═════ Data records
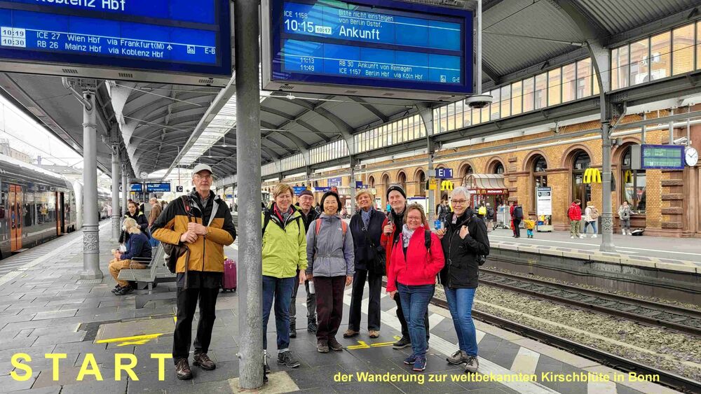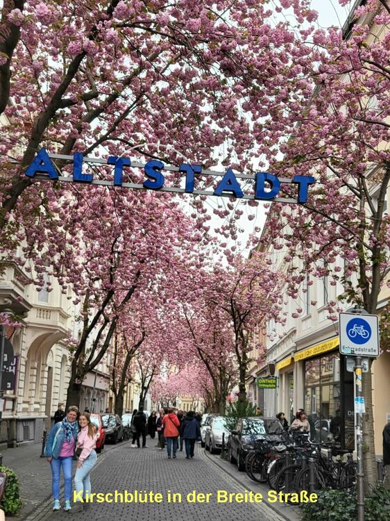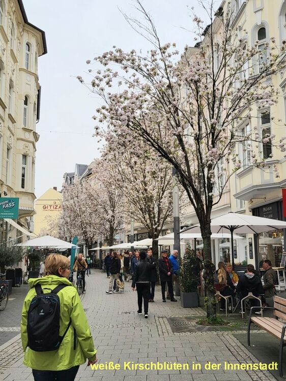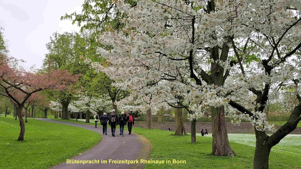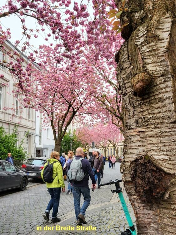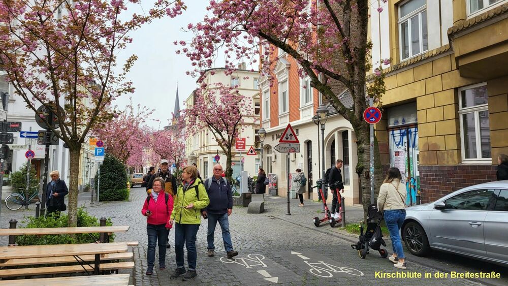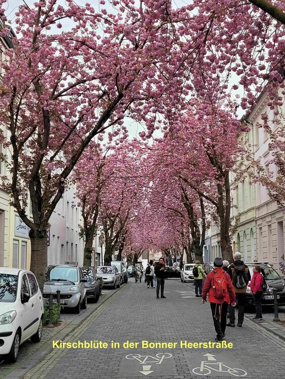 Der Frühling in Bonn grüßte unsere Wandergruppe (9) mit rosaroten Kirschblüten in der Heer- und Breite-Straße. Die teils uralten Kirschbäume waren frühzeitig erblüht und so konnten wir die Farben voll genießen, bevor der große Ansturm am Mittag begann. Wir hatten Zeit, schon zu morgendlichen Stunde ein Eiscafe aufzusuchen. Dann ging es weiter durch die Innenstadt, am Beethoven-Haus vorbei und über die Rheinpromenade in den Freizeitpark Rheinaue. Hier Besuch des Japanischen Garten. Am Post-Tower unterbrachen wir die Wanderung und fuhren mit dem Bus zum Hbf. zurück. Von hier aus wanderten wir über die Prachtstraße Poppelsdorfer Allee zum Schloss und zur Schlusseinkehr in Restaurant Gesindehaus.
══════════
═════ Data records
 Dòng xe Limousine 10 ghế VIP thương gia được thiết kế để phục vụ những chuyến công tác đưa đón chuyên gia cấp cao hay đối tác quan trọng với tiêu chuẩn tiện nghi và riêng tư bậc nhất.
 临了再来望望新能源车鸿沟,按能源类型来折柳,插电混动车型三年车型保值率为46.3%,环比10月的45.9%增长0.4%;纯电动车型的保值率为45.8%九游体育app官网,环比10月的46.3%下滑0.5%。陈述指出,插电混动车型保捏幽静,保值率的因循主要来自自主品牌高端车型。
══════════
═════ Data records
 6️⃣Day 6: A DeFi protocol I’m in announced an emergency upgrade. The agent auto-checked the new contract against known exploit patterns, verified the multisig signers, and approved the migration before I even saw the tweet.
══════════
To do -
In the listing above, find the line containing "Dòng xe Limousine" and the line containing "临了再来望望新能源车鸿沟,按", then repeat those two lines and everything between them exactly.

Response area -
 Dòng xe Limousine 10 ghế VIP thương gia được thiết kế để phục vụ những chuyến công tác đưa đón chuyên gia cấp cao hay đối tác quan trọng với tiêu chuẩn tiện nghi và riêng tư bậc nhất.
 临了再来望望新能源车鸿沟,按能源类型来折柳,插电混动车型三年车型保值率为46.3%,环比10月的45.9%增长0.4%;纯电动车型的保值率为45.8%九游体育app官网,环比10月的46.3%下滑0.5%。陈述指出,插电混动车型保捏幽静,保值率的因循主要来自自主品牌高端车型。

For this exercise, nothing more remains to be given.